Aber wenn man sich mal vorstellte, ein rheinisches Team wie der ÄffZeh oder Borussia spielte auch noch einigermaßen ansehnlichen und dazu semierfolgreichen Fußball - dann wäre ja das ganze Jahr - von Wesel bis Koblenz - Aussnahmezustand á la Karneval. Ich glaube, beide Vereine kommen durch ihre interessanten Personalentscheidungen nur ihrer Sorgfaltspflicht für ihre Anhänger nach! Naja, wenigstens steht man finanziell einigermassen dar! Und wie immer denkt Rohrer in dieser schwarzen Zeit an mich und schickte elektronische Mutmacher á la: "Also halte lieber jetzt erst recht an Deiner Mannschaft fest! Jetzt brauchen sie Deine Unterstützung, jetzt werden sie diese auch loben und anerkennen!
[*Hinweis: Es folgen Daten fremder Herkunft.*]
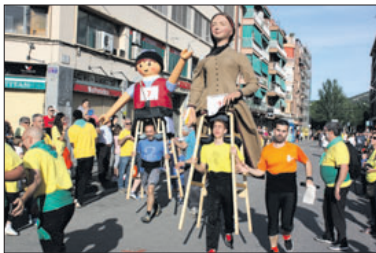
La Mariona, durant una de les curses del dia 20 de maig.

La trobada va començar amb una plantada de les colles participants en el passeig de l'avinguda de l'Onze de Se-

Trost brauchen nur Verlierer, Gewinner brauchen Mut!"

 

Ich sehe die Entwicklungen der nächsten Jahre kristallklar vor mir: Durchreichung in die eingleisige Dritte Liga 2008/2009 - dann zweimaliger Aufstieg und ab 2012 (im Jahr der Wiederverteidigung unseres Europameistertitels) unter Präsident M. Opdenhövel Rückkehr ins Internationale Geschäft. Alterspräsident Hans Meyer und Metafanbeauftragter B.K. freuen sich auf das Spiel gegen Maccabi Tel Aviv denn beide waren noch nie auf Zypern.... und.... niemand weiss dann mehr wer oder was Königs war, außer, wie wir Grammatikverbrecher sagen: AUSSER ICH!

 

Einen schönen Mai wünscht Euer, seit gestern - endlich - auch rechnerisch als Absteiger feststehender, Schomberg

 

 




Erklärungen zum Thema BPOF folgen in einer der nächsten Ausgaben.... wichtig bleibt jedoch: "Ich will möchte Komplexität schaffen!"